Innanzitutto, essi potrebbero temere le reazioni dei loro parrocchiani, soprattutto se nella parrocchia presso cui vivono dilaga l’omofobia.
In secondo luogo, potrebbero supporre, non a torto, che il dichiararsi pubblicamente rischierebbe di mettere in eccessiva luce la propria persona, a scapito del ministero, di fungere da elemento di disturbo e addirittura di causare profonde divisioni tra i parrocchiani stessi.
In terzo luogo, vi è il timore di eventuali rappresaglie o punizioni da parte di vescovi o superiori dal cervello poco fino.
In quarto luogo, potrebbero non essere in grado o desiderosi di farlo per varie ragioni personali. (Ad esempio, potrebbero appartenere ad una generazione in cui la sessualità era un argomento taboo, o sentirsi ancora in grande imbarazzo per il proprio orientamento, nonostante il celibato o la vita di castità.)
E sull’onda dello scandalo degli abusi, nel sentire telecronisti che collegano l’omosessualità alla pedofilia, le loro paure si intensificano.
Infine, è possibile che ad alcuni sacerdoti venga esplicitamente vietato da parte di vescovi o superiori, timorosi di notorietà, di parlare pubblicamente del proprio orientamento.
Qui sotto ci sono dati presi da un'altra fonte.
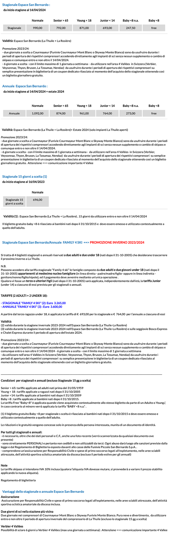 Skipass La Thuile Espace San Bernardo 2023/2024

Parte di questo raggiunse il punto critico con la pubblicazione della lettera vaticana del 2004, ultimata dopo una lunga visita pontificia ai seminari americani in seguito allo scandalo sugli abusi.
Il documento, “Istruzione circa i criteri di discernimento vocazionale riguardo alle persone con tendenze omosessuali in vista della loro ammissione al Seminario e agli Ordini sacri,” afferma che uomini con “tendenze omosessuali profondamente radicate” non possono essere ammessi al sacerdozio.
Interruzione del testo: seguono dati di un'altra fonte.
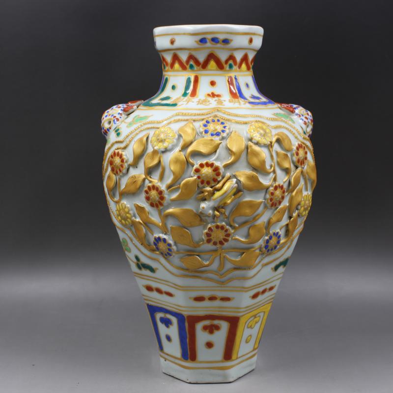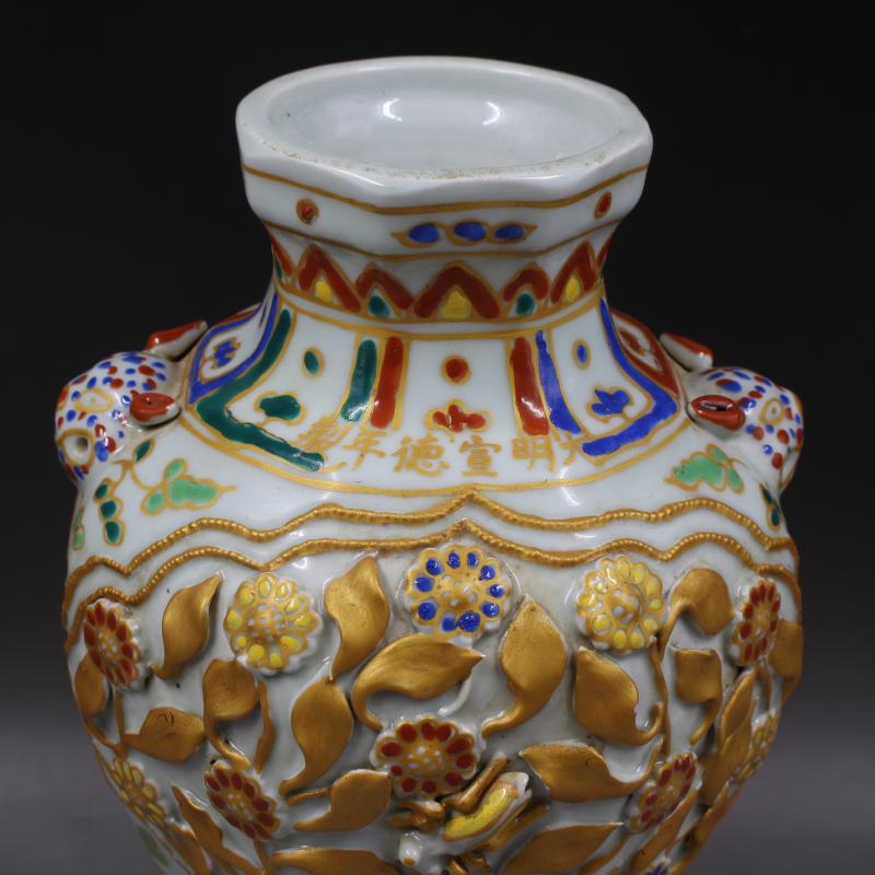 大明宣德年制捏花五彩花紋虎頭罐瓶手繪仿古瓷器家居擺件古玩收藏1入

Da allora tale documento è stato variamente interpretato nei seminari diocesani e all’interno dei progetti formativi per gli ordini religiosi, almeno secondo le fonti ufficiali che ho interpellato negli anni passati.
Lo scorso anno un seminarista della diocesi mi scrisse dicendomi che presso il suo seminario vigeva una “politica del silenzio”, mentre in altre sedi ogni ammissione della propria omosessualità poteva condurre, da come mi fu detto, all’espulsione.
D’altro canto, alcuni vescovi e superiori di ordini religiosi che riconoscono i contributi storici dei sacerdoti omosessuali celibi, hanno interpretato quel “profondamente radicate” come incapacità di vivere nel celibato; ergo, se un omosessuale avverte un’autentica vocazione sacerdotale, è emotivamente maturo ed in grado di vivere da celibe, può essere ordinato.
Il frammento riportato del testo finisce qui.